Stored items from a collection

<<<<

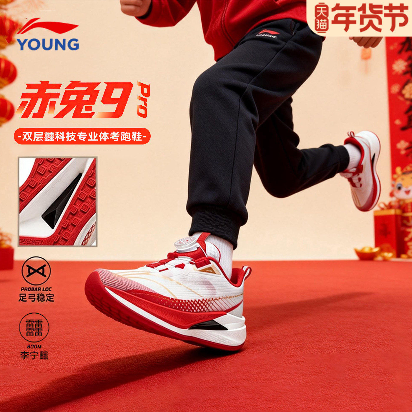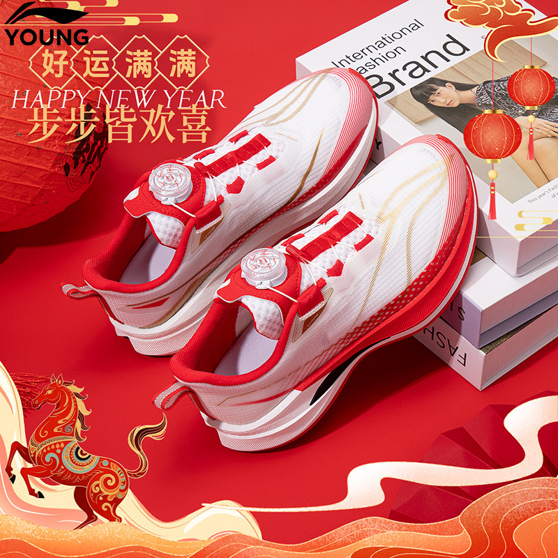 李宁儿童赤兔9PRO跑鞋26马年红色正品男大童旋转扣减震耐磨运动鞋
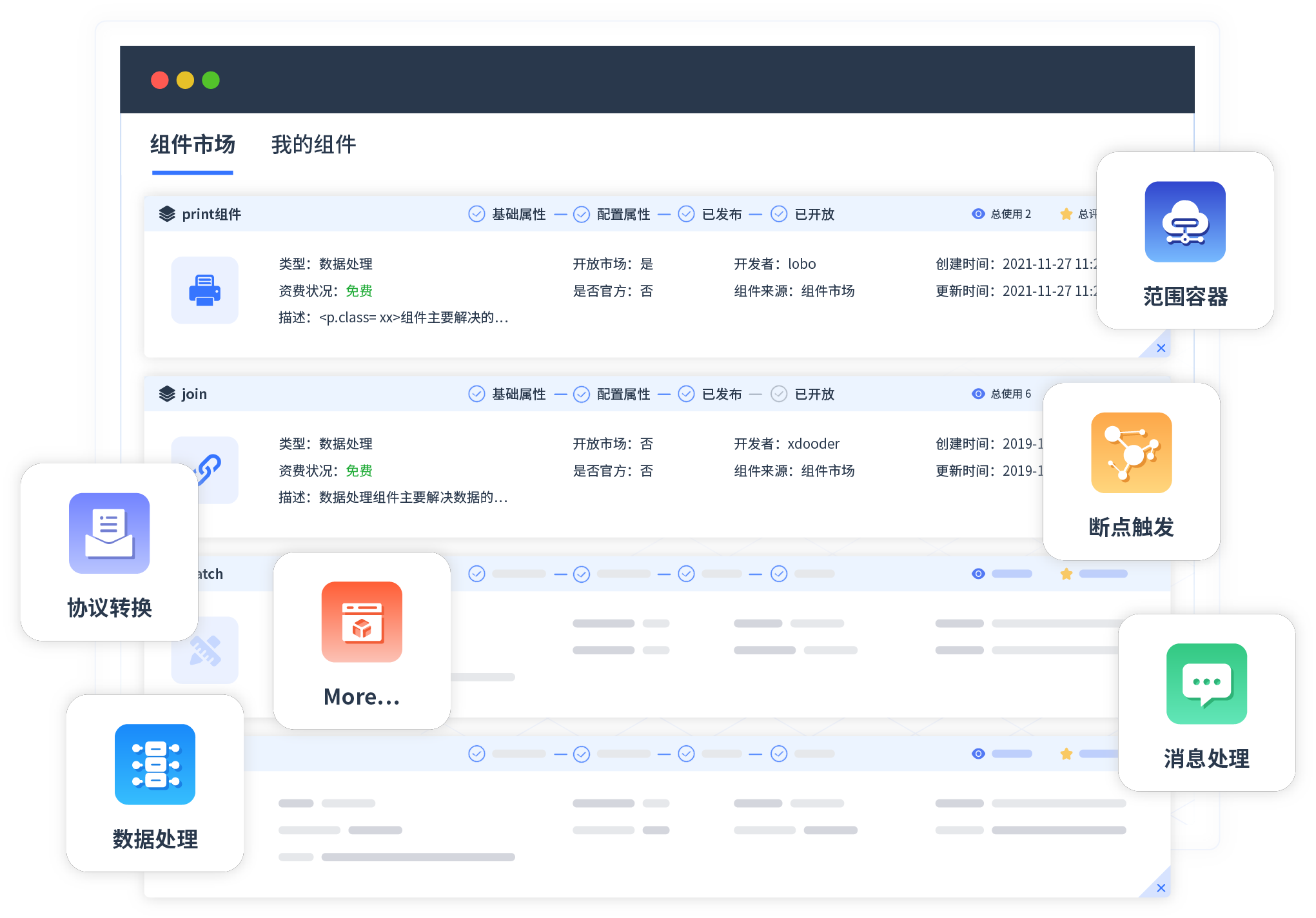 针对集成场景,b体育提供组件市场,例如协议转换、消息处理、文件操作等。除平台提供的组件外,客户可以自定义所需组件。
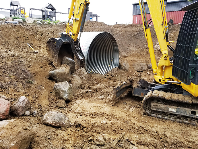 The project placed over 3,000 tons of boulders. Some of them weighed 15,000 lbs. “Occasionally we used the PC88 and PC138 together to lift them into place.”
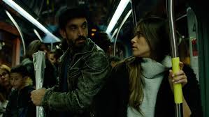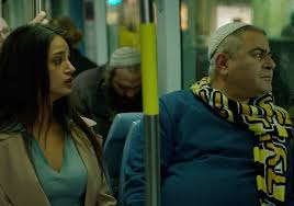 Sure, a yenta (Hana Laslo) nags her 30something son about getting married and giving her grandchildren, joking with and engaging a Yeshiva student and anybody else there in her case. A reporter tries to interview the new European football coach who’s just taken over Beitar Jerusalem and cannot get a word in edgewise as his boorish, cheerleading Israeli assistant breathlessly interrupts and answers for him, the train’s creeper of a security guard (Liron Levo) harasses attractive women, and at the behest of a Jewish Israeli “Karen,” profiles and assaults a Palestinian man who has had the temerity to stand next to her with a bouquet of store-bought flowers.
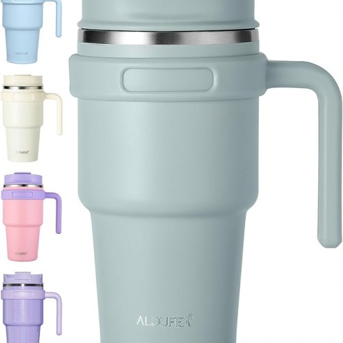 - 20 OZ COFFEE MUG TUMBLER: The water tumbler with handle is made from 18/8 food-grade stainless steel, it is durable, easy to wash, unbreakable, compact and portable. With a unique 2-in-1 sip and straw lid, a lid for every drinking need

>>>>

#### [About this exercise]
Starting with the line that holds "Sure, a yenta", return each line exactly through the final line of the entries above; pictures are not part of the output.

#### [Written answer]
 Sure, a yenta (Hana Laslo) nags her 30something son about getting married and giving her grandchildren, joking with and engaging a Yeshiva student and anybody else there in her case. A reporter tries to interview the new European football coach who’s just taken over Beitar Jerusalem and cannot get a word in edgewise as his boorish, cheerleading Israeli assistant breathlessly interrupts and answers for him, the train’s creeper of a security guard (Liron Levo) harasses attractive women, and at the behest of a Jewish Israeli “Karen,” profiles and assaults a Palestinian man who has had the temerity to stand next to her with a bouquet of store-bought flowers.
 - 20 OZ COFFEE MUG TUMBLER: The water tumbler with handle is made from 18/8 food-grade stainless steel, it is durable, easy to wash, unbreakable, compact and portable. With a unique 2-in-1 sip and straw lid, a lid for every drinking need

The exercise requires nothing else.